L. Caneva, A. Casazza, E. Bellazzi, S. Marra, L. Pagani, M. Vetere, R. Vanzino, D. Ciprandi, R. Preda, R. Boschi, L. Carnevale

Crit Care 2016, 20 (Suppl 2), P049

Introduction: Low-dose vasopressin (VP) recently emerged as a promising therapy for septic shock[1]. The rationale for its use is the relative VP deficiency in patients with septic shock and VP ability to restore vascular tone and blood pressure, reducing the need for cathecolamines[2]; however VP outcome effects in septic patients remain unclear[3-4].

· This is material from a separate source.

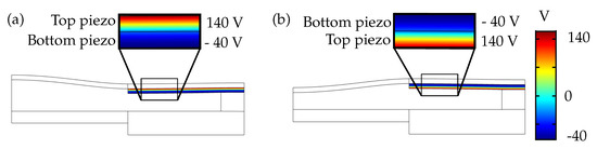 Applied voltages on the piezoelectric actuator with (a) convex lens mode and (b) concave lens mode.
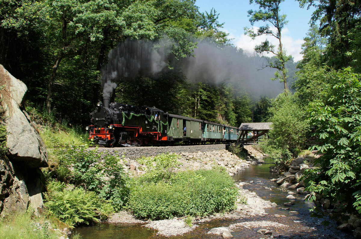 18.06.2017 - Eröffnung der Weißeritztalbahn auf dem oberen Streckenabschnitt zwischen Dippoldiswalde und dem Kurort Kipsdorf. 99 1777 im Spechtritzgrund an der Goldstampfe Floreg L.

Methods: We retrospectively analyzed patients admitted to our general ICU for septic shock in the last 23 months (between 1/2014 and 11/2015) and treated with Norepinephrine (NE) or with the association NE + VP. Patients were treated with NE after adequate fluid expansion. VP was added (0.02-0.03U/min) in case of MAP < 60 mmHg with NE dosage > = 0,4mcg/kg/min. We analyzed severity scores and plasma lactates at ICU admission, mortality in ICU, urinary output during the first 24 hours of vasopressor and need for RRT during ICU stay. Mann-Whitney and Chi-Square tests were used for statistical analysis.

Results: 39 patients were enrolled, 15 patients received NE + VP (NV group), 24 received NE (NE group). Overall mortality rate was 46.1 %: 53.3 % in NV and 42 % in NE group respectively (p = 0,47). The need of RRT was greater in NV than in NE group (40vs20%, p = 0,19). Urinary output in the first 24 hours of vasopressor was lower in NV group (0,7vs1 ml/kg/h, p = 0,47). NV group patients had more severe haemodynamic impairment and also worse severity score (SOFA = 11,8vs9,9; p = 0,03), worse renal function (AKIN 3vs2) at ICU admission and higher plasma lactates levels (3,9vs3,6; p = 0,39) NV group had greater incidence of thrombocytopenia (105vs207, p = 0,03).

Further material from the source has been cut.